WHAT NEEDS TO BE DONE —
With the pictures omitted, print exactly the lines below, from the one containing "โดยเพจ รักหมาจัง โพสต์อัพเดทอาการแมวตัวที่โดนทำร้ายระบุว่า" through the one containing "What we have", and nothing else.

AVAILABLE RECORDS —
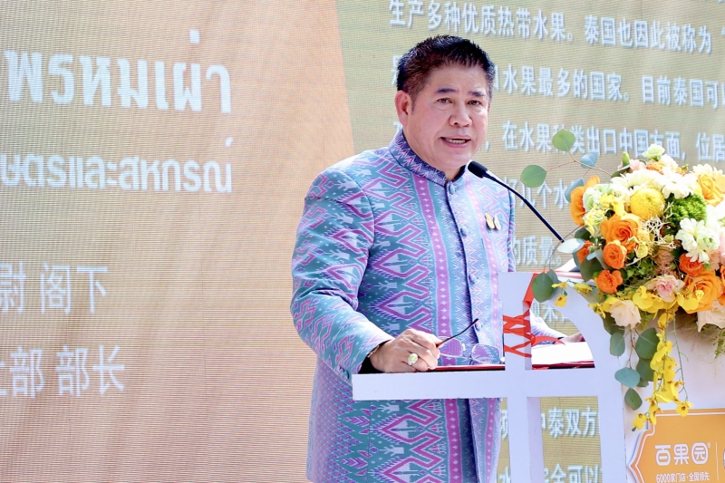 Thammanat Phromphao补充道:“我代表泰国政府向中国大使馆表示感谢。中方对本次活动促进两国合作表示重视和支持,希望本次活动取得圆满成功,推动和拓展泰国优质水果在中国市场的稳定、可持续发展,以及亚洲和太平洋地区的粮食安全。”
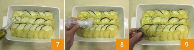 Tempere com um fio de óleo 7, sal 8, pimenta e algumas folhinhas de tomilho 9, depois asse em forno ventilado pré-aquecido a 180° por 20 minutos.
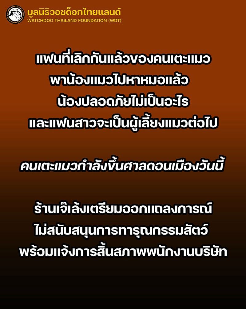 โดยเพจ รักหมาจัง โพสต์อัพเดทอาการแมวตัวที่โดนทำร้ายระบุว่า 'น้องแมวตัวที่โดนเตะปลอดภัยดีค่ะ ตอนนี้แม่ของน้องได้รับน้องทั้งคู่ออกมาดูแลแล้วค่ะ แม่ของน้องบอกว่าน้องยังคงมีอาการตกใจอยู่'
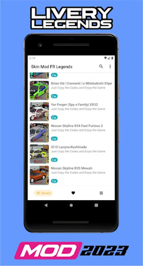 What we have done is Livery Skin Fr Legend in this application including the Garage Drift livery, Tokyo drift, fast angry 2, fast angry 1, most wanted, formula drift etc. There are also car-based livery like the Nissan Skyline (R34, R33, R32), Nissan GTR, Nissan Silvia (S15, S14, S13), Nissan 350z, Nissan 200SX, Mustang Hoonigan, Livery Fr legends r34, supra, s15, gt86, rx7
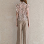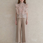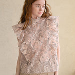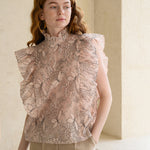 Безрукавная блузка светло-розового цвета. Детали с оборками и воротник-стойка придают женственность. Умный дизайн, который закрывает предплечья с оборками на плечах. Сзади молния, благодаря которой блузку удобно надевать. Свободный крой для комфортной посадки. Изделие выполнено из цветочного кружевного материала, который подчеркивает блузку.

TASK ANSWER —
 โดยเพจ รักหมาจัง โพสต์อัพเดทอาการแมวตัวที่โดนทำร้ายระบุว่า 'น้องแมวตัวที่โดนเตะปลอดภัยดีค่ะ ตอนนี้แม่ของน้องได้รับน้องทั้งคู่ออกมาดูแลแล้วค่ะ แม่ของน้องบอกว่าน้องยังคงมีอาการตกใจอยู่'
 What we have done is Livery Skin Fr Legend in this application including the Garage Drift livery, Tokyo drift, fast angry 2, fast angry 1, most wanted, formula drift etc. There are also car-based livery like the Nissan Skyline (R34, R33, R32), Nissan GTR, Nissan Silvia (S15, S14, S13), Nissan 350z, Nissan 200SX, Mustang Hoonigan, Livery Fr legends r34, supra, s15, gt86, rx7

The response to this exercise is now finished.